Pictures are to be left out; every line from the one with "White House Black" through the end of the data must be transcribed exactly.

+ + + + +

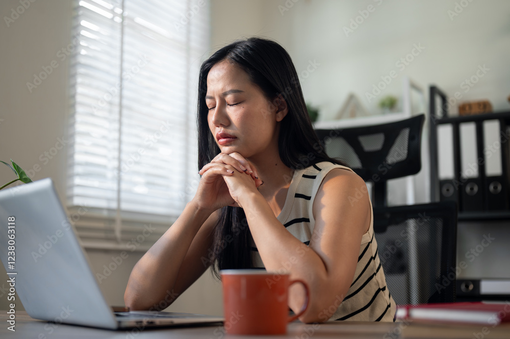 A stressed Asian businesswoman is sitting in front of a laptop at her desk with her eyes closed.
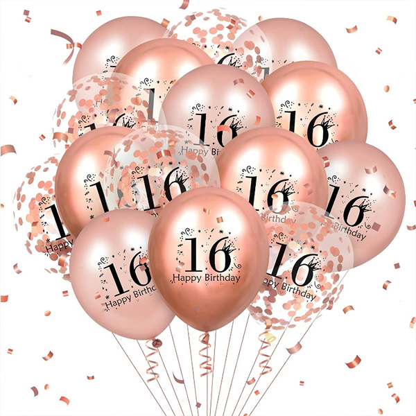 16. doğum günü baskılı lateks balon:Fabrikamız tarafından üretilen bu 16. yaş günü baskılı lateks balon, 16. yaş günü partileri ve 16. yıl kutlama etkinlikleri için oldukça uygundur. Aralarından seçim yapabileceğiniz çeşitli renklerimiz var. Rose altın, siyah altın, mor altın, mavi ve siyahı gösteriyoruz. Ayrıca ihtiyaçlarınıza göre 16 adet baskılı balonu da özelleştirebiliriz. Fotoğraf çekmek için mükemmel arka plan dekorlarıdır ve bu sahnelere neşe ve aktif bir atmosfer katabilirler. Bu baskılı balon hava, helyum ve hatta suyla doldurulabilir ve kolayca zarar görmez veya rengi solmaz. Her türlü 16. doğum günü partisi veya aile toplantıları için harika bir dekorasyon. Daha da fazla eğlence için bu lateks balonu diğer parti dekorasyonları ve süslemeleriyle birlikte kullanın.
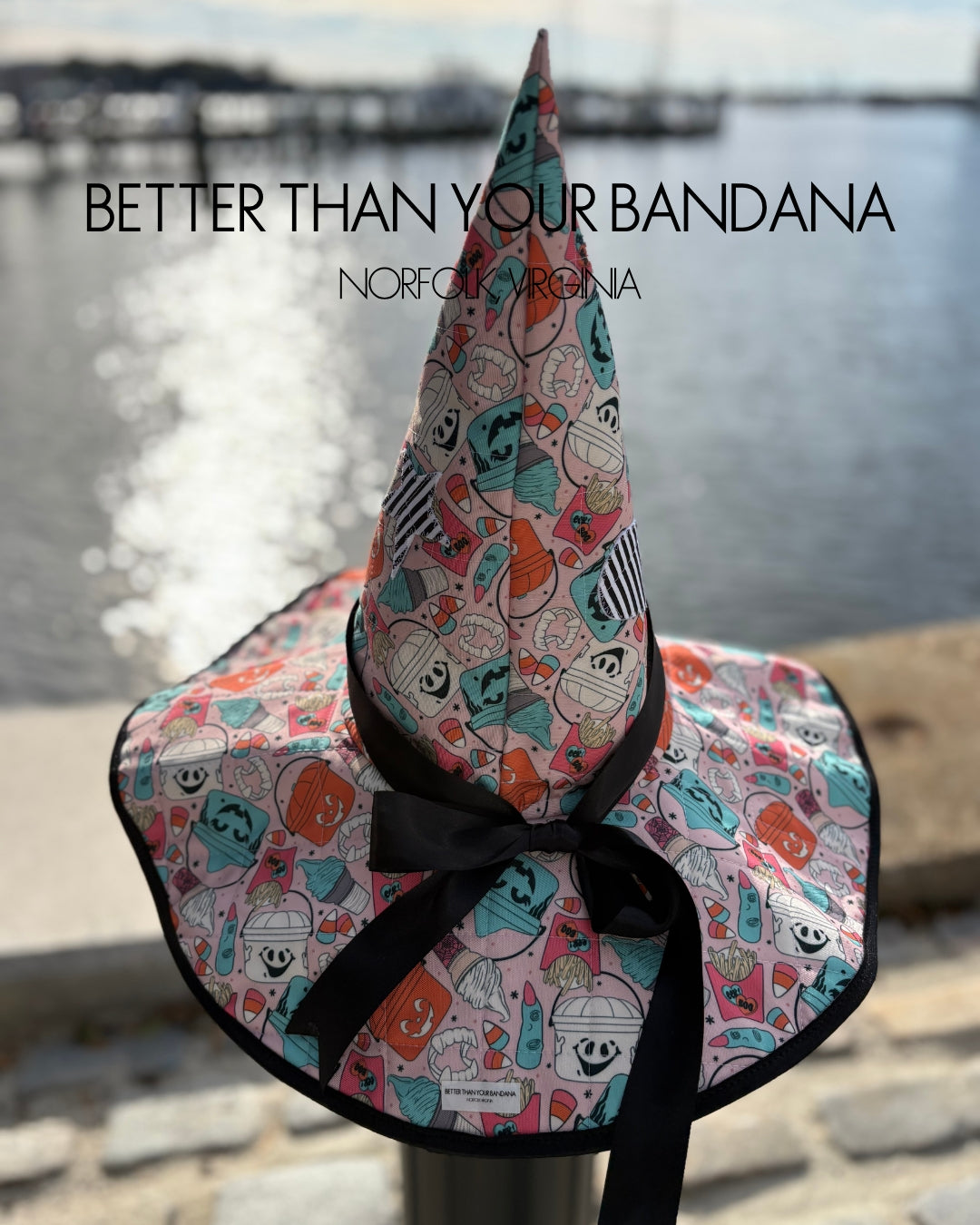 This witch hat is handmade and quilted by Erin. Materials used to create this hat were sourced locally and from a small, female-owned business in Bend, Oregon.
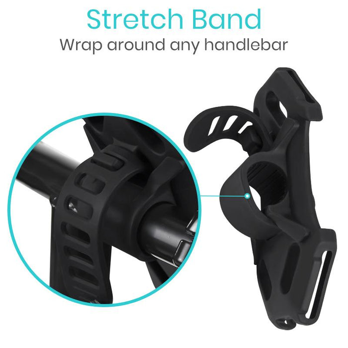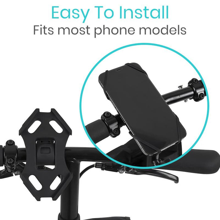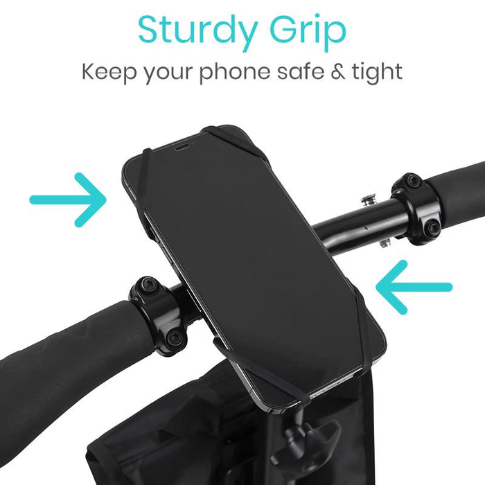 The adjustable phone mount easily adjusts to fit handlebar sizes up to 1.75” in diameter.
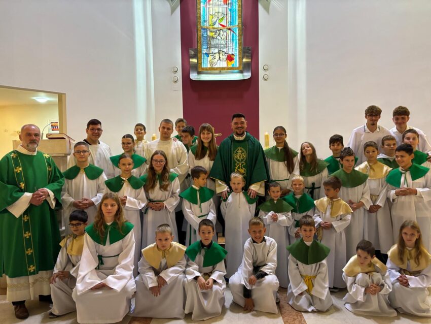 U nedjelju, 05. listopada, za vrijeme mise u 09:30 u službu je uvedeno 10 novih ministranta naše župe. Za vrijeme svečane svete mise ministrantima su blagoslovljene nove ministrantske haljine te su po prvi puta posluživali kod oltara. Obraćajući se novim, ali i starijim ministrantima, župnik Kristijan potaknuo ih je da ne budu samo lijep ukras…
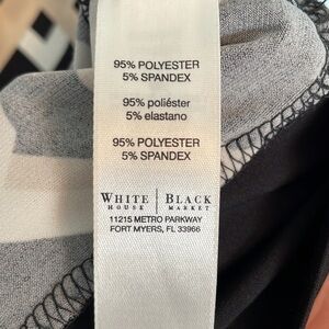 White House Black Market geometric print straight mini dress. There is no size tag on this one so please see measurements. It is very stretchy! I have classified it as a medium based on measurements.
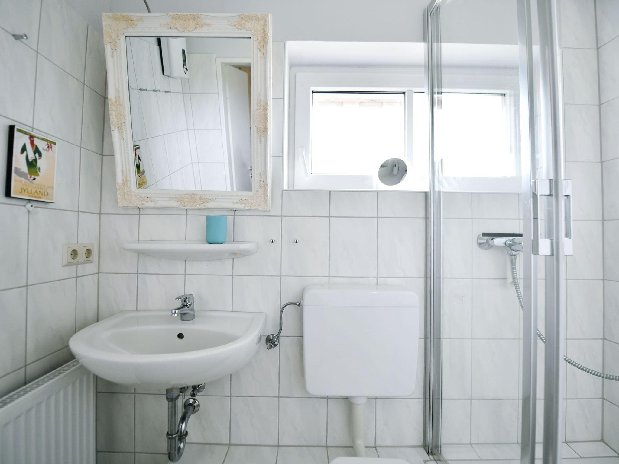 Zwei Schlafzimmer (eins davon im Spitzbogen), ein Wohnzimmer mit Ess- und Küchenbereich sowie ein Duschbad mit Toilette erwarten Sie.
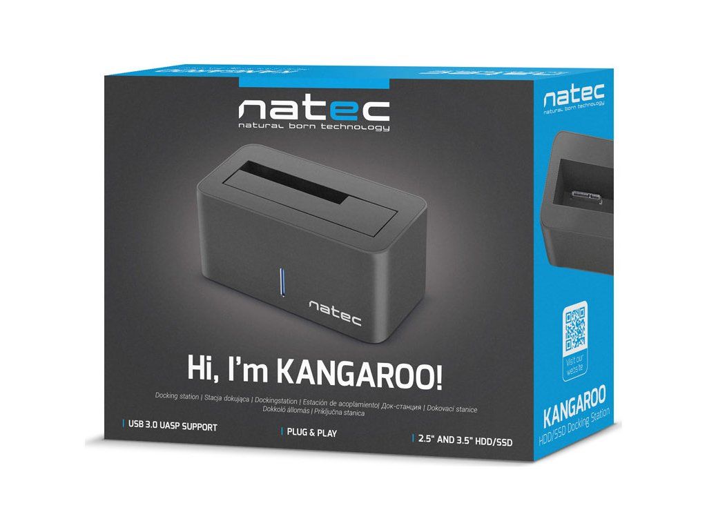 Dokovací stanice Kangaroo podporuje 2,5" a 3,5" HDD i SSD s rozhraním SATA I/II/III. Díky funkci Plug&Play, která je kompatibilní s většinou operačních systémů Windows a IOS si počítač automaticky nainstaluje potřebné ovladače.

+ + + + +

-- TASK SOLUTION --
 White House Black Market geometric print straight mini dress. There is no size tag on this one so please see measurements. It is very stretchy! I have classified it as a medium based on measurements.
 Zwei Schlafzimmer (eins davon im Spitzbogen), ein Wohnzimmer mit Ess- und Küchenbereich sowie ein Duschbad mit Toilette erwarten Sie.
 Dokovací stanice Kangaroo podporuje 2,5" a 3,5" HDD i SSD s rozhraním SATA I/II/III. Díky funkci Plug&Play, která je kompatibilní s většinou operačních systémů Windows a IOS si počítač automaticky nainstaluje potřebné ovladače.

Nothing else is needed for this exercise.